The rapid expansion of the middle class among India's 1.3 billion people has prompted Thai authorities to upgrade their estimates of Indian visitors. At least 10 million are now expected to arrive in 2028, a more than five-fold increase on 2018 visits. That sort of growth trajectory would mimic the rise of Chinese tourists, who jumped from 800,000 in 2008 to more than 10 million last year.

Although China will remain an important market, it is likely to offer less growth potential in the years ahead. India, meanwhile, is set to become the new expansion story in Thai tourism, an industry that accounts for about 20 per cent of gross domestic product.

Chinese visitors currently make up 28 per cent of total foreign arrivals, well ahead of Indians at 4 per cent. But within a decade, Indian arrivals are forecast to surge to about 15 per cent of the total, while Chinese are predicted to edge up to about 30 per cent.

"The Indian inbound market could potentially rival that of China," said Pisit Puapan, executive director of the Finance Ministry's Macroeconomic Policy Bureau. Pisit said high growth from India has also helped offset a decline from markets like Europe.

Thailand received about 180,000 Indian tourists in June, a record, the Tourism Ministry reported last week. It also said Indians spend 11 per cent more per trip than average foreign visitors.

Chinese arrivals could actually fall this year from 2018 as the yuan has weakened against the baht, according to Bloomberg Intelligence. That might deter more cost-conscious Chinese tourists, or see them spend less if they do make the trip.

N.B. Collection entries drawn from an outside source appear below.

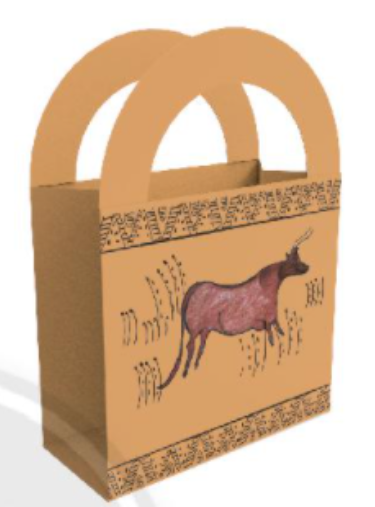Túi có dạng hình chữ nhật kèm quai xách, gam màu chủ đạo là nâu, bố cục hài hòa, cân đối
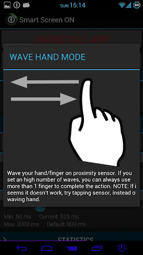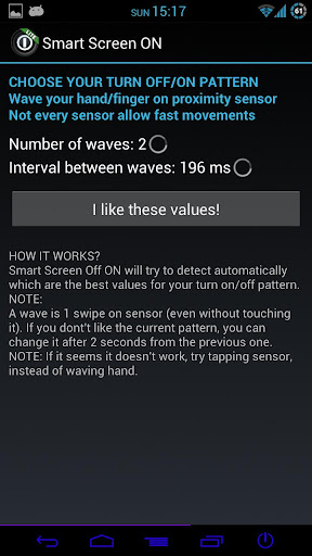 智能屏幕上是一個創新的應用程序,它把你的接近傳感器,一個電源按鈕。如果你有一個大的正面沒有物理按鈕(例如Galaxy Nexus的手機,你可以打開或關閉手機,只是輕敲或揮動你的手(手指)接近傳感器。
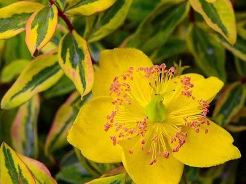 Hypericum moserianum LITTLE MISTERY 'Dunnehyp' - außergewöhnlich anmutige Sorte, die mit ihren dekorativen Blättern und bezaubernden Blüten lockt. Diese Staude erreicht eine Höhe von etwa 0,6 m, was sie zur idealen Wahl für die Verschönerung von Beeten und Gartenrändern macht. Sie bildet ein dichtes Kissen oder einen Teppich, wodurch sie sich ideal zur Verzierung von Beeträndern oder als Bodendecker eignet. Die Blätter sind kleiner, abgerundet und haben eine frische grüne Farbe, ergänzt durch zarte gelbe Ränder, was einen Eindruck von Eleganz und Raffinesse vermittelt. Die Blüten sind auffällig und gelb, erinnern in ihrer Form an Sterne. Sie blühen vom Sommer bis zum Herbst und erzeugen einen hellen und fröhlichen Eindruck. Nach der Blüte bringt 'Little Mystery''Dunnehyp' zusätzliche visuelle Attraktivität, an der Pflanze erscheinen rosa-rote Früchte, die dem reifenden Beet eine weitere Schicht farbenprächtigen Charmes verleihen. Insgesamt ist diese Sorte nicht nur eine ausgezeichnete Wahl für Ziergärten, sondern bietet auch eine lange Blütezeit und ästhetische Freude für Gärtner und Pflanzenliebhaber mit dekorativen Elementen.
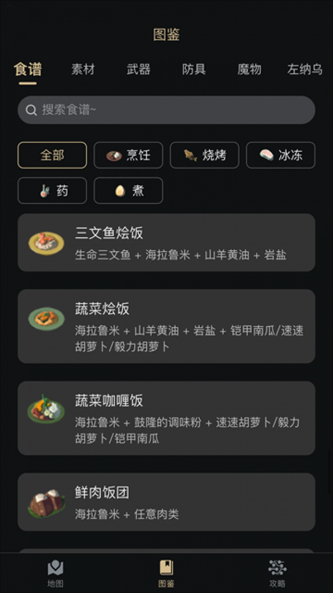 2、为玩家提供地图、图鉴、攻略等多方面的内容,方便一键查看游戏的详细信息。
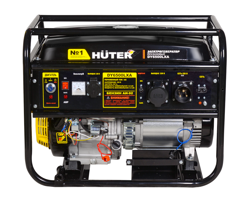 Вес генератора Huter DY6500LXA 80,7 кг и резиновые опоры снижают уровень вибрации и повышают его устойчивость на неровной поверхности. Металлическая обрешетка защищает автоматику от механических повреждений и обеспечивает длительный срок службы. Агрегат создан для питания электротехники, потребляющей до 5500 Вт, в частных домах, на участках и строительных площадках.
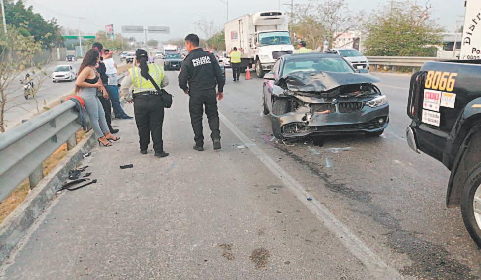 ticulares, impactados por la camioneta, cuando el conductor perdió el control y los chocó de frente.
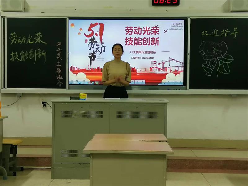 校级主题班会评比是在各系部初赛的基础上,共推荐了12个班级参加线下观摩比赛。“崇尚劳动精神 争做生活劳模”“弘扬劳模精神 讴歌劳动创造”“执劳动之心 做好中职人”“劳动光荣,技能创新”等班会结束后,评委老师纷纷鼓掌表示肯定。
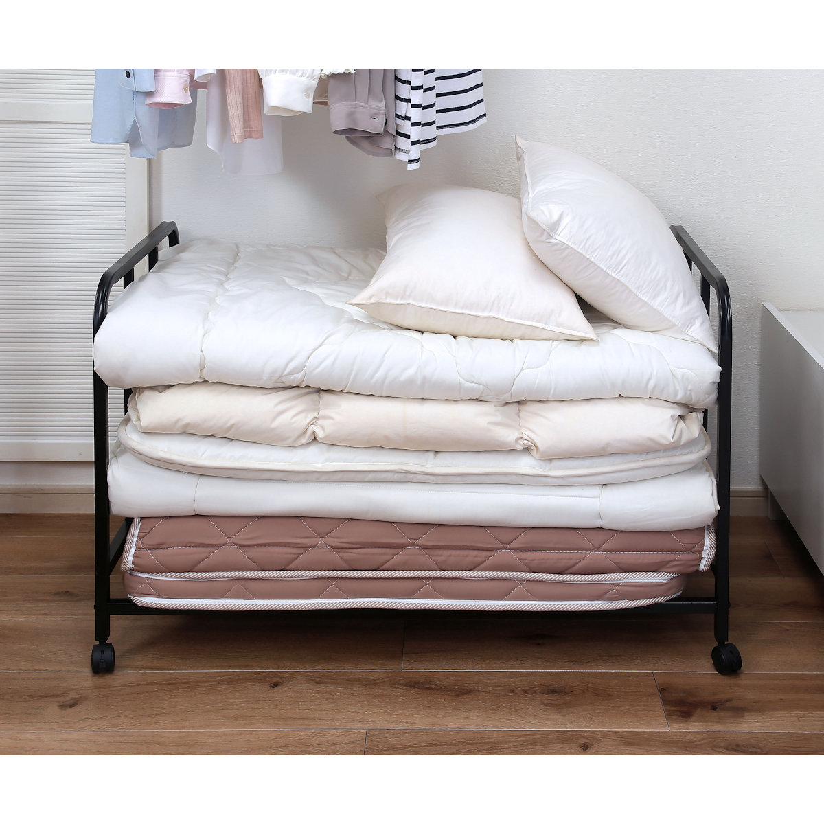 布団や寝具を楽々収納出来る、キャスター付きラックです。
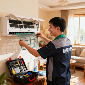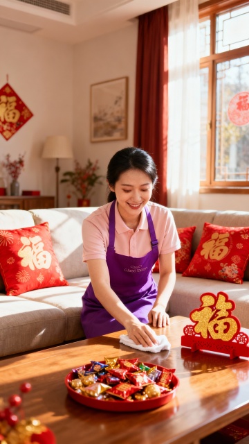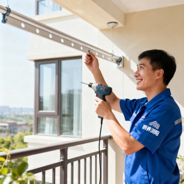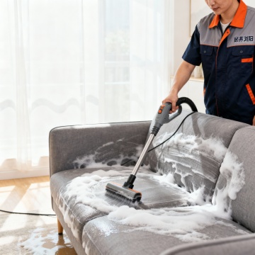 帮我生成带“颐养浏阳”服务人员窗帘清洗服务场景的图片
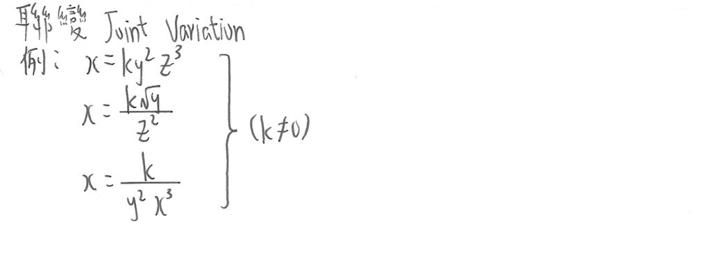 上面示範了三種當出現當x與兩個未知數有變分時的情況。考慮最多就只會問到x隨兩個未知數正變/反變。
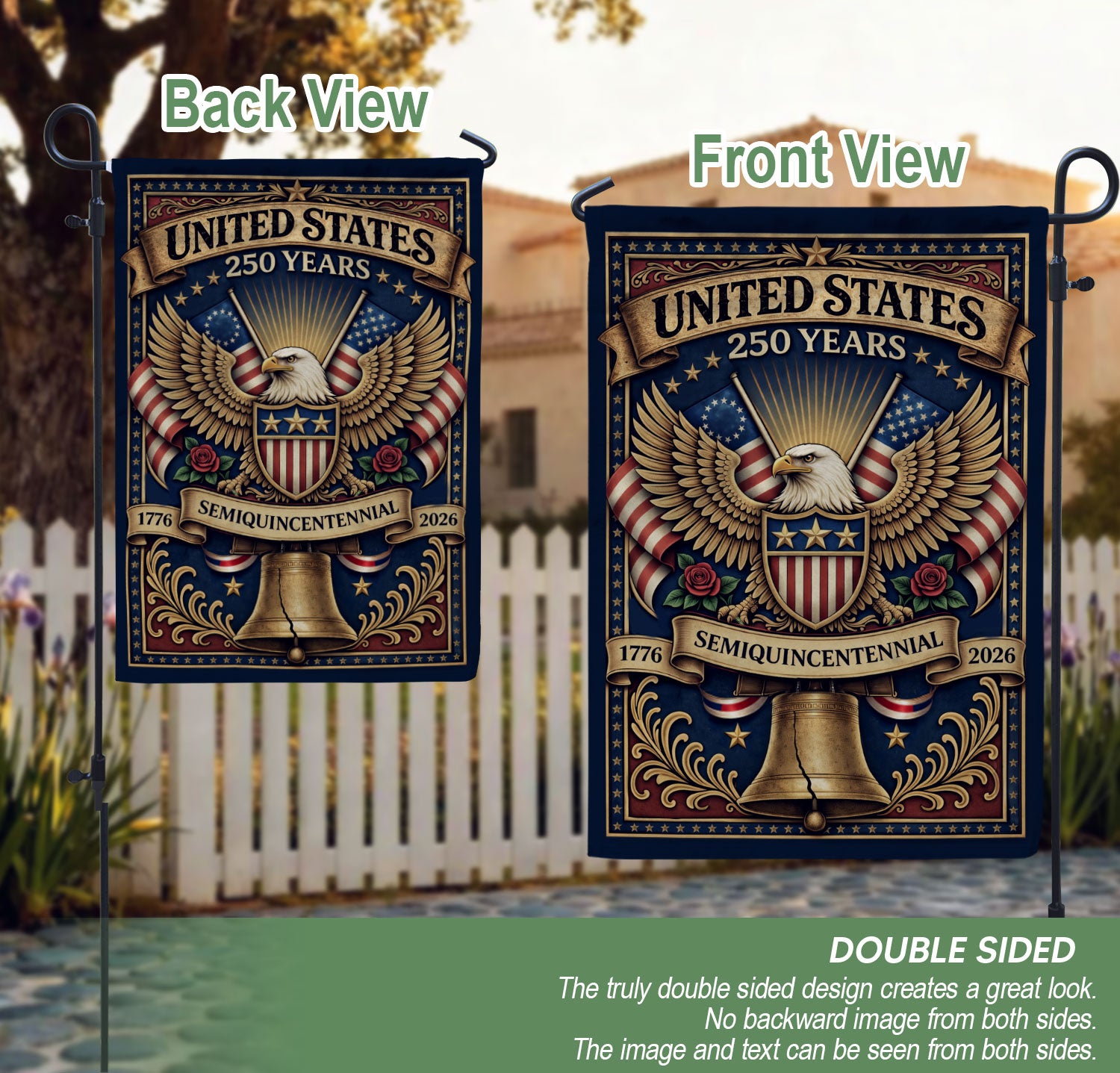1776-2026 America 250th Anniversary Garden Flag Bald Eagle US Capitol Statue of Liberty Double Sided
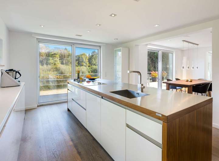- Einbauküche (Allmilmö) mit Holz- bzw. weißen Hochglanz-Fronten, großer Kochinsel mit beidseitigem Stauraum, Edelstahl-Arbeitsfläche, integriertem Spülbecken und Steckdosen-Turm, ausgestattet mit breitem Induktionskochfeld (Neff), ausfahrbarem Dunstabzug (Gutmann), Backofen (Gaggenau), Geschirrspüler (Siemens, neu in 2024), XXL-Kühlschrank (Liebherr, neu in 2024) und separatem Tiefkühler (Neff)

A cooling tourism market and dividend repatriation combined to help produce Thailand's first current account deficit since 2014. The country's forecast economic growth has already been revised down to the lowest level in four years as exports also fizzled.

Frequent flyer

There are more direct flights between Indian and Thai cities, one reason for the jump in visitors to Bangkok, Phuket and surrounding areas. They are drawn by Thailand's food and shopping, and its beaches are emerging as significant attractions.

India's fifth-largest airline GoAirlines India Pvt currently connects three Indian cities to Phuket, and plans to add seven more. InterGlobe Aviation Ltd's IndiGo launched services to the tropical island late last year.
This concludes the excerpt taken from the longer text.